# La Patrie Concert model



## Wooly (Feb 17, 2017)

I'm thinking about getting a nylon string guitar. Any one familiar with the La Patrie Concert guitars made by the Godin guitar company? I know they make some very good instruments. I have a Seagull SWS Maritime mini jumbo and it's a great guitar.


----------



## Morkolo (Dec 9, 2010)

When I was looking for a classical it was between the Concert, Collection and the Hybrid. Personally I found the response of the mahogany Concert to be a bit too flat for my taste and preferred the rosewood back and sides of the other two. In the end I picked up the Hybrid, but all three models seemed to be equal in build quality.


----------



## Daniel Grenier (Jun 24, 2008)

I have the Etude by La Patrie. Solid guitar for the money and a good option for someone who plays nylon strings only sporadically (like me). If you intend to use this as a principal guitar and play “true” classical music then I am not sure this is for you. Maybe you plan to play folk or indie on a nylon string guitar then it’ll be a good fit.

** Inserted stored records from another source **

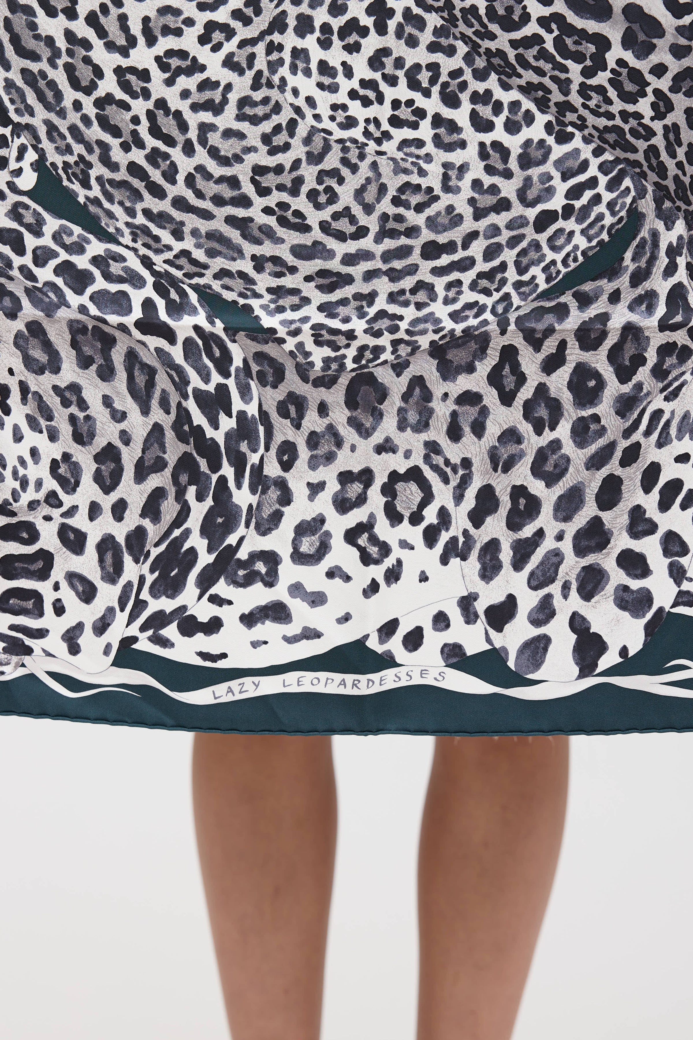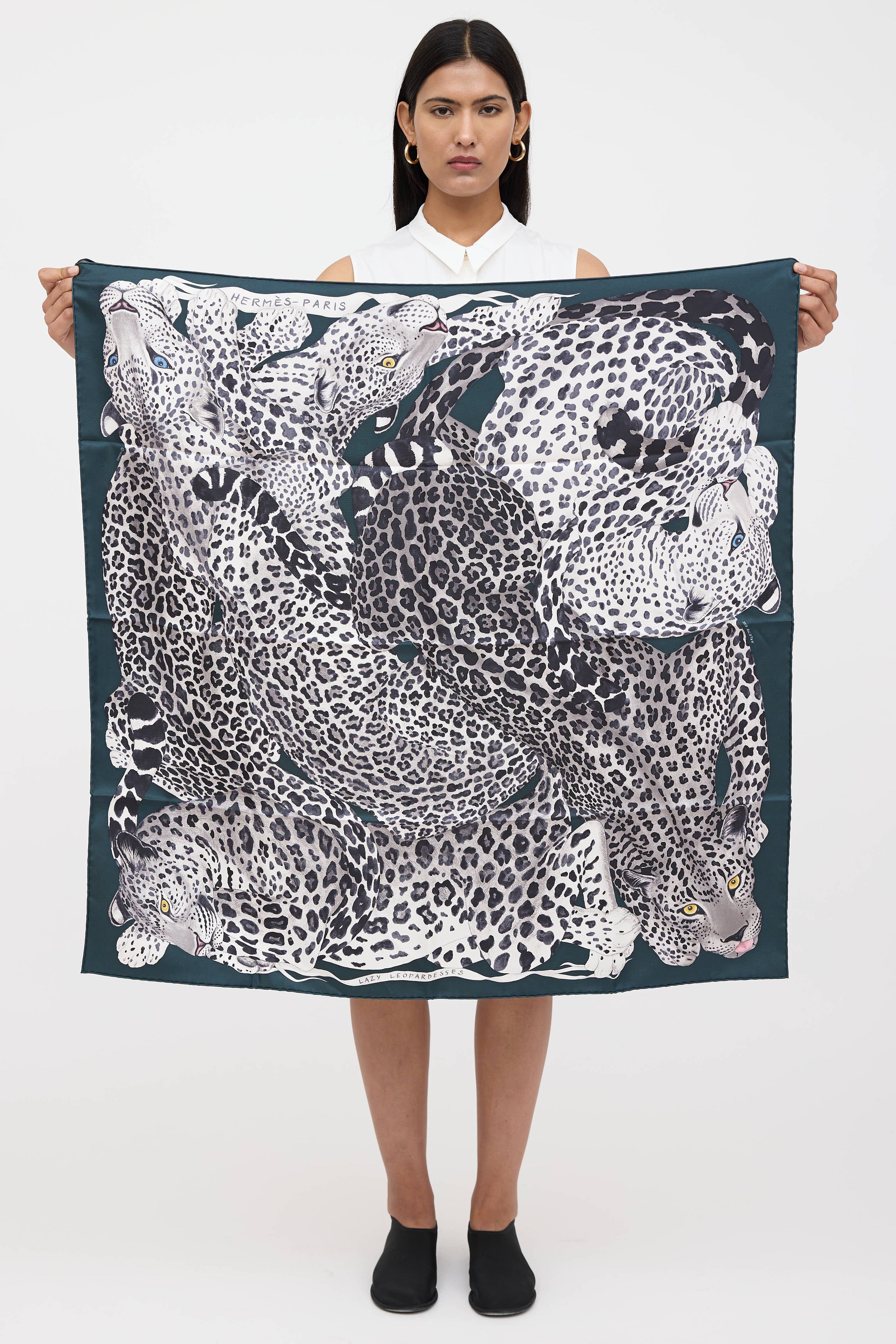 Pre-owned Hermès black and grey Lazy Leopardesses silk scarf featuring Lazy leopardesses print by Arlette Ess and black hand rolled edges.
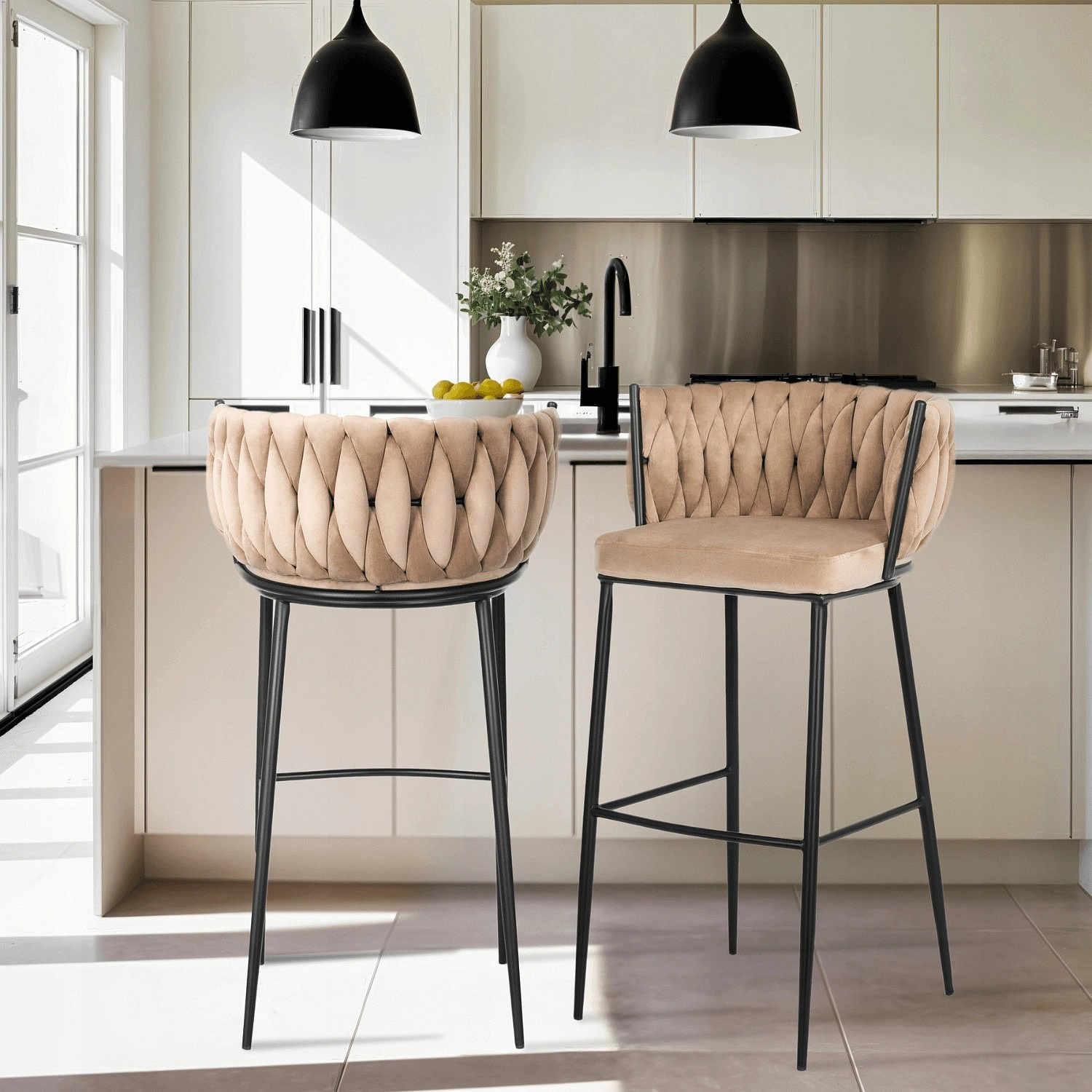 Barová židle FLORES Béžový Sametový
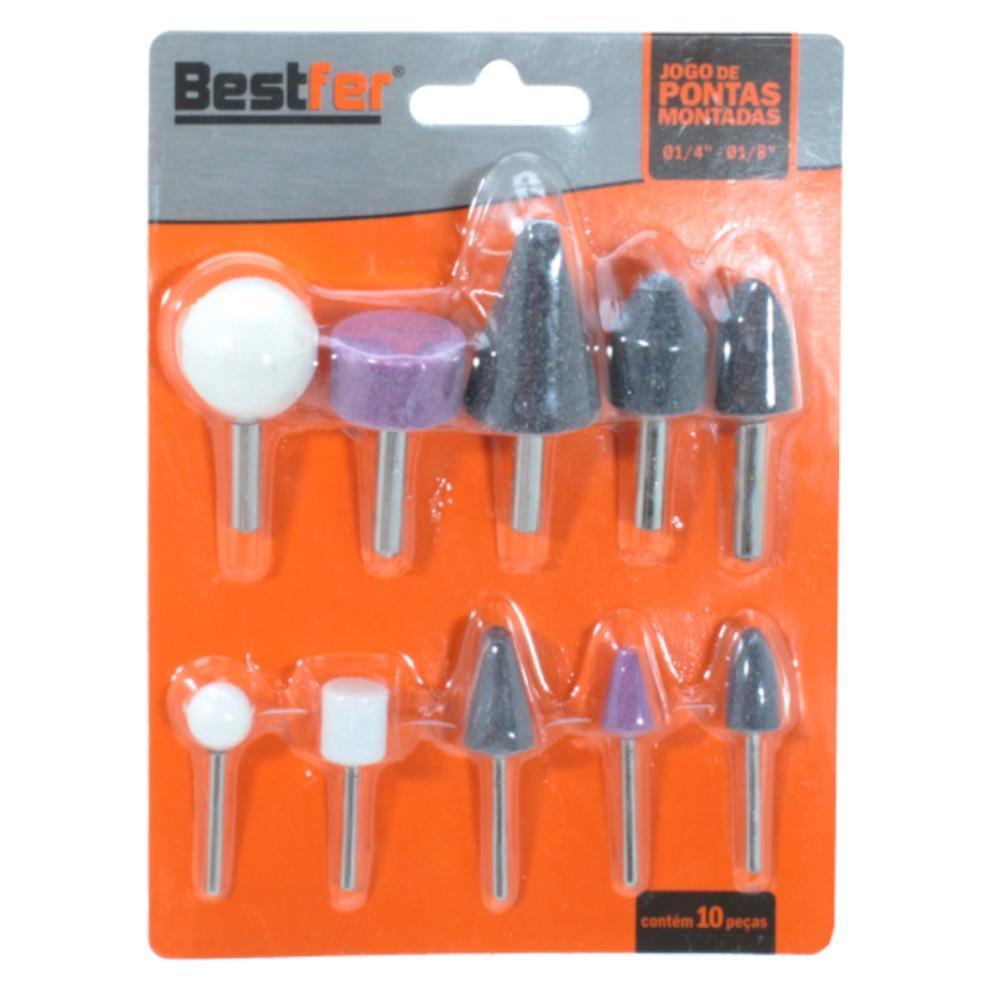 Produto: Jogo De Pontas Montadas 1/4", E 1/8", 10 Peç,as - Bfh3284 Marca: Bestfer Descriç,ã,o: O Jogo De Pontas Montadas Bfh3284 Da Bestfer é, Um Conjunto Essencial Para Usuá,rios Que Buscam Excelê,ncia Em Trabalhos De Desbaste, Polimento E Acabamento. Composto Por 10 Peç,as Variadas De Alta Qualidade, Este Kit é, A Escolha Perfeita Para Manipulaç,ã,o Detalhada Em Metais E Outras Superfí,cies Robustas.
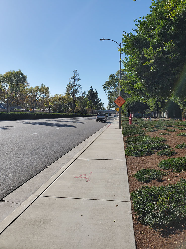 Crews have completed the demolition of the sidewalk and are now relocating utilities on the westbound side of Katella Avenue. This work is slated to continue for several months before the sidewalk is reconstructed later this year.
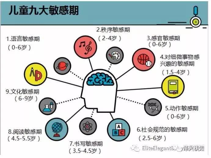 根據蒙特梭利對嬰幼兒敏感期的觀察與研究,孩子的敏感期可歸納出下列九種
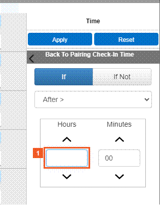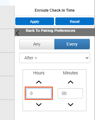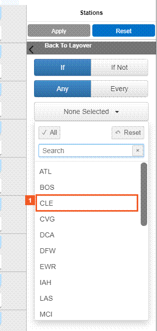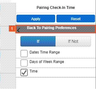 For example, if you select "Exactly 8am", the system filters the vast majority of results and displays only these pairings. It is often better to use the "After", "Before", or "Range" filters instead, as in this example, to avoid overly restricted results.

Try, if you can, the other models as they have many on offer and there might be one you would like better. Good luck!


----------



## Merlin (Feb 23, 2009)

Godin's classical guitars have a truss rod, which is a rarity in nylon string instruments. Makes setting them up and choosing different string sets with different tensions much easier. They usually have compensated saddles as well.

The Hybrid model has a radiused fingerboard; again different, as most classical guitars have a flat board.


----------



## Wooly (Feb 17, 2017)

I'm not a classical player by no means. I play finger style on steel string guitars but I think some pieces would sound nicer on a nylon string.


----------



## bw66 (Dec 17, 2009)

I also have an Etude. Like you, I am primarily a fingerstyle player and have some clssical tunes in my repertoire. Sometimes I just want a guitar with a different voice. I've been very happy with my Etude . I believe the Concert is a step up - I suspect you would be very happy with it. 

What really sold me on the LaPatrie versus other brands were the fret markers on the side of the fingerboard - I find that they make it much easier for me to make the transition from my usual 14 frets to 12.


----------



## Mooh (Mar 7, 2007)

I bought the newer version of the Concert with the new headstock shape after comparing it to a few rosewood models. I've owned several rosewood classicals (La Patrie Collection, Takamine, Yamaha) and a couple of other La Patrie models. This Concert model is a lovely guitar, nice looks, feel, tone, playability, balance. It seems to prefer hard tension strings, but I always think that about classical guitars.

Highly recommended...but always play a few examples of a model before you decide.


----------



## Wooly (Feb 17, 2017)

Thanks to all for the info.


----------



## Dorian2 (Jun 9, 2015)

I checked them out on the L&M site then ran across this on you tube somehow.


----------



## Everton FC (Dec 15, 2016)

If I could find an A&L Nylon Ami Cedar used, I'd be all over it.


----------